• _ENTRIES PROVIDED_
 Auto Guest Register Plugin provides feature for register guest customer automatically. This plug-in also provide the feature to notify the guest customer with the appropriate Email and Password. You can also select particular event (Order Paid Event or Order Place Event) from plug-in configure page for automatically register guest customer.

* * *

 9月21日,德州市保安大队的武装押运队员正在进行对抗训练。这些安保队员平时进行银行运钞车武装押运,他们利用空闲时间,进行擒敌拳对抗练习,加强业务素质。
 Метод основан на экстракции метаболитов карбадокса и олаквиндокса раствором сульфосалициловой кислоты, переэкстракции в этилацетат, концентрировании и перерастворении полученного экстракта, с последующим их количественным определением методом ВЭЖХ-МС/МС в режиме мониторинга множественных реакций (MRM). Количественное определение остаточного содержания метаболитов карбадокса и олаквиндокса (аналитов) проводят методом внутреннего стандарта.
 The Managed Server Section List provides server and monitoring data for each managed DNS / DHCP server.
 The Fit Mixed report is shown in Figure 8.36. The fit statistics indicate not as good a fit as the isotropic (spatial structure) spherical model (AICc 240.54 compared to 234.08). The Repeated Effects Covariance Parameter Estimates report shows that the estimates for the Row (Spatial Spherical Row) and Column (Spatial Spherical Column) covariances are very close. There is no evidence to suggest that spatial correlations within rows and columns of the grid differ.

• _PROBLEM TO SOLVE_
Within the records, filter for lines that contain the word "provides" and show each one.

• _PROBLEM SOLUTION_
 Auto Guest Register Plugin provides feature for register guest customer automatically. This plug-in also provide the feature to notify the guest customer with the appropriate Email and Password. You can also select particular event (Order Paid Event or Order Place Event) from plug-in configure page for automatically register guest customer.
 The Managed Server Section List provides server and monitoring data for each managed DNS / DHCP server.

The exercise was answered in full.